Top Weighted Features for Lasso

Feature	Coefficient
U.S._STATE_Michigan	1107.60
CAUSE.CATEGORY_severe weather	1074.04
CAUSE.CATEGORY_fuel supply emergency	814.37
U.S._STATE_Minnesota	725.66
U.S._STATE_Pennsylvania	650.61

Lasso helped us identify the most important predictors by assigning zero weight to less relevant features, however it struggled with non-linear relationships with features, and we felt that was more important for prediction as multiple factors combined for outage duration, rather than one feature having a strict importance over the other.

Random Forest Regressor

GridSearchCV was used to tune max_depth, min_samples_split, and n_estimators.

Hyperparameter tuning: GridSearchCV with
- max_depth: [10, 20, None]
- n_estimators: [100, 200]
Best parameters:
- max_depth=10, min_samples_split=2, n_estimators=200
Performance:
- MAE: 652.68 mins
- MSE: 922,291.54 sq. mins

5 Most Important Features for Random Forest:

Feature	Importance
CAUSE.CATEGORY_severe weather	0.301
CUSTOMERS.AFFECTED_MED_IMPUTED	0.154
TOTAL.PRICE_IMPUTED	0.099
UTIL.CONTRI	0.096
PC.REALGSP.STATE	0.068

Comparison with Baseline Model

Model	MAE (mins)	MSE (sq. mins)
Baseline (Linear)	720.22	985,250.22
Lasso Regression	708.42	973,790.75
Random Forest	652.68	922,291.54

The Random Forest model did better than both Lasso and the Baseline model on MAE and MSE, which we prioritized as evaluation metrics since they one more intuitively measured the average prediction error in minutes and the other was robust to outliers.
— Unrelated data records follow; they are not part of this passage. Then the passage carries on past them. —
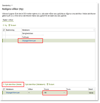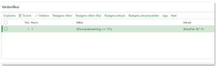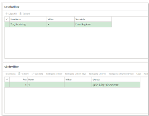 OBS: Viktigt att tänka på när skapar komponenter med villkor som innehåller termer med AFTON och ROD är att lägga dem högst upp i villkorsprioriteringen. Detta för att undvika att ett tillägg skulle falla ut för tex en lördag eller söndag om en Julafton eller Juldag skulle infalla på de veckodagarna.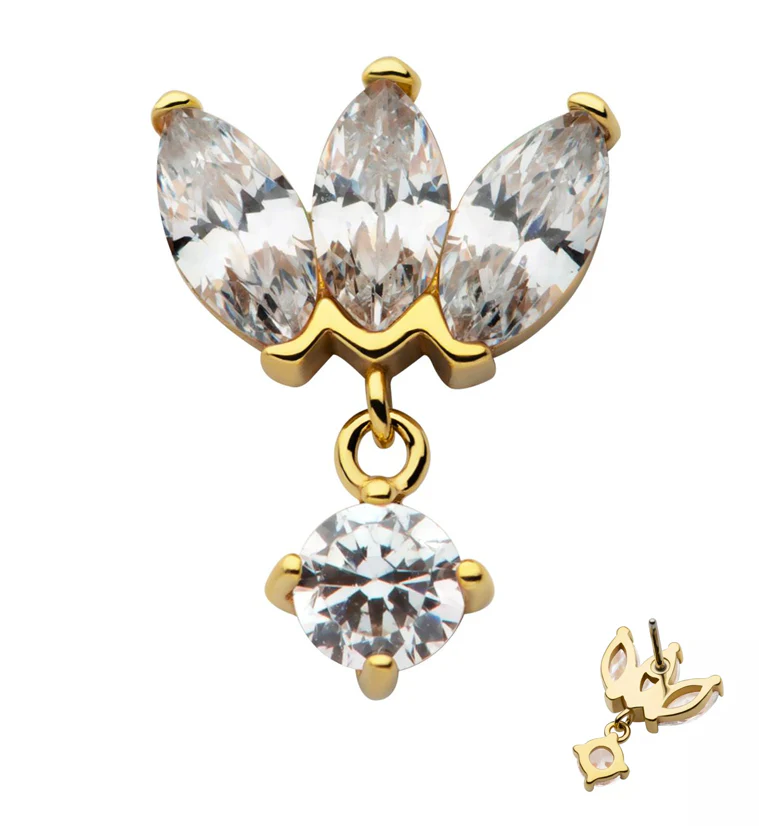 14kt Gold Triangle CZ Triple Dangle Threadless Top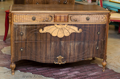 To start, this before and after of a gorgeous antique dresser that I bought from New Unto Others at the Bazaar.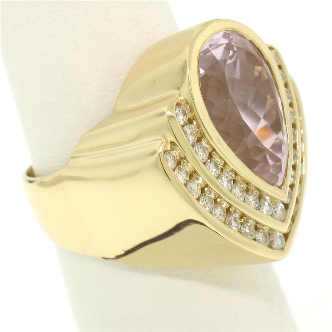 An estate solid 14k yellow gold statement ring featuring 1 pear cut natural morganite (7.05ct) with 34 round brilliant cut natural diamonds (F - VS1; 1.0ctw). The ring is size 6.0, weighs a total of 11.0 grams, and measures 21.66mm wide.
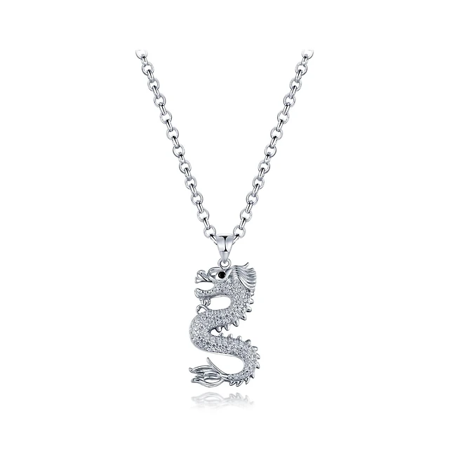 Sterling Silver Cubic Zirconia Dragon Pendant with 24" Rolo Chain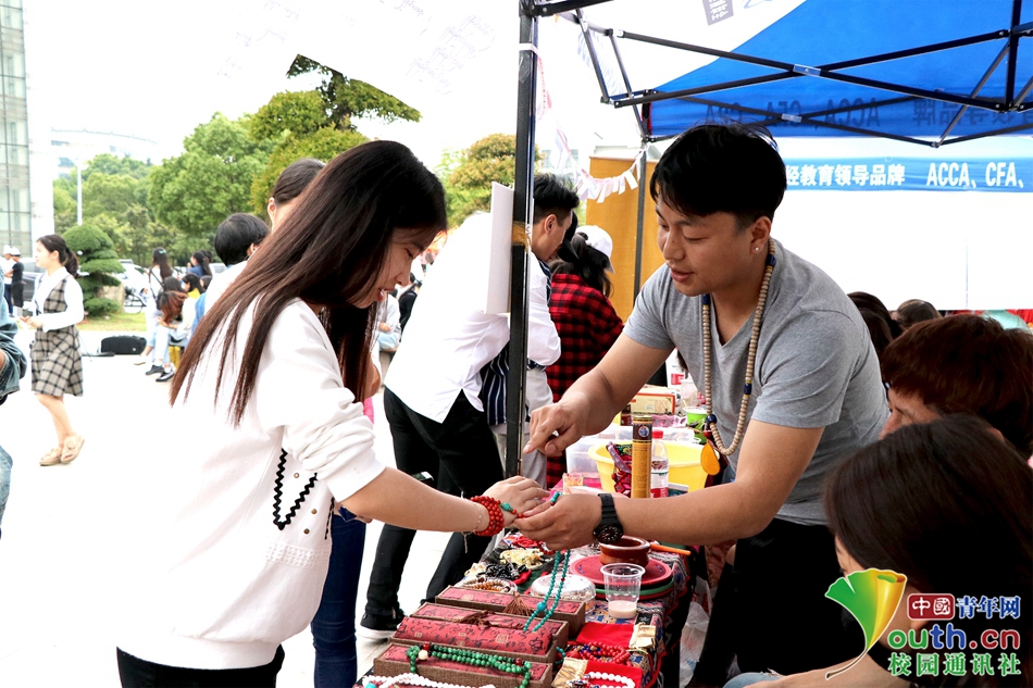 04 藏族展区内,工作人员为前来观看的同学讲解民族服饰。中国青年网通讯员 邓依蓝 摄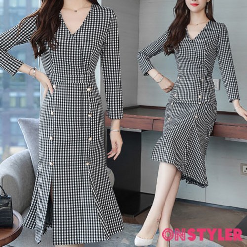 온스타일러 블랙슈가 트임 체크원피스 여성 가을 원피스 하객 롱원피스 정장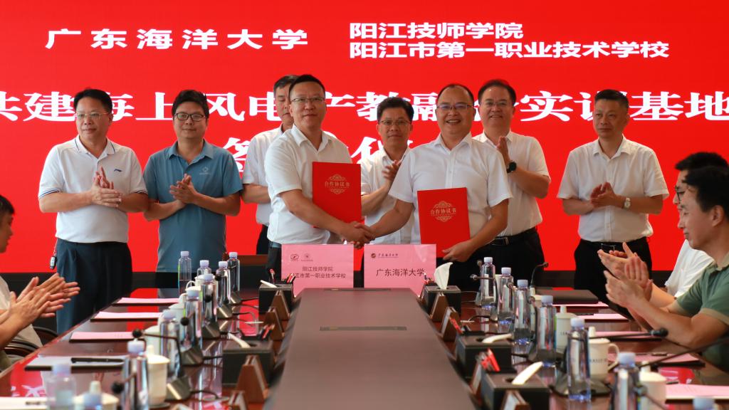 7月4日下午,开云官网与阳江技师学院、阳江市第一职业技术学校共建海上风电产教融合实训基地签约仪式在校区海纳楼712会议室举行。党委常委、副校长、阳江校区党委书记、校区管理办公室主任周昌仕与阳江技师学院院长、阳江市第一职业技术学校校长林进杰分别代表两校签约,阳江校区党委副书记丁永成、陈永强,以及阳江技师学院、阳江市第一职业技术学校党委书记谭志葆,副院长陈志军、洪海等领导参与见证。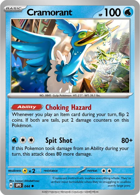 Whenever you play an Item card during your turn, flip 2 coins. If both are tails, put 2 damage counters on this Pokémon.Spit Shot • 80+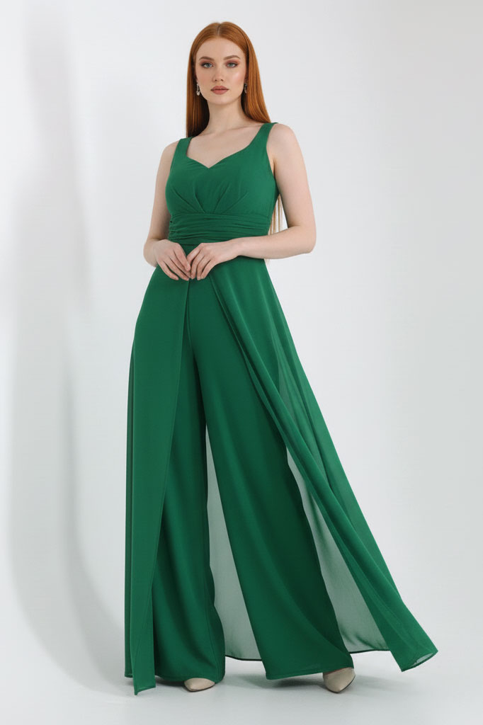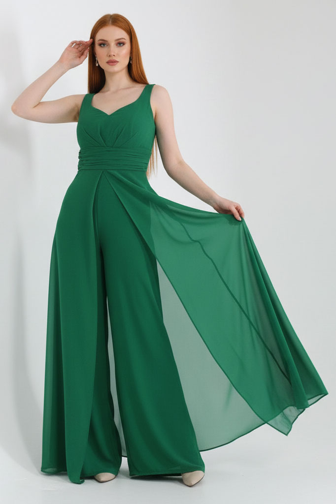 Зелен шифонен гащеризон с широки крачоли „Green Aria“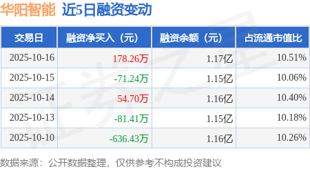 证券之星消息,10月16日,华阳智能(301502)融资买入428.74万元,融资偿还250.48万元,融资净买入178.26万元,融资余额1.17亿元。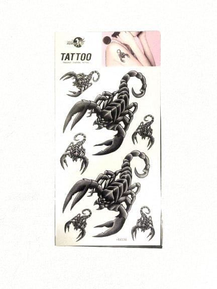 - تصميم مميز: مجموعة متنوعة من الوشوم المؤقتة تتضمن تصاميم العقرب والنسر بأسلوب فني أنيق باللونين الأسود والرمادي

The Random Forest model also captures nonlinear relationships and interactions between features, which was not possible with the Baseline linear model or Lasso. With our multitude of inpt features, this was the ideal choice for the final model. This,combined with its strong MAE performance and better interpretability with feature importance scores, made Random Forest the best candidate for our final model.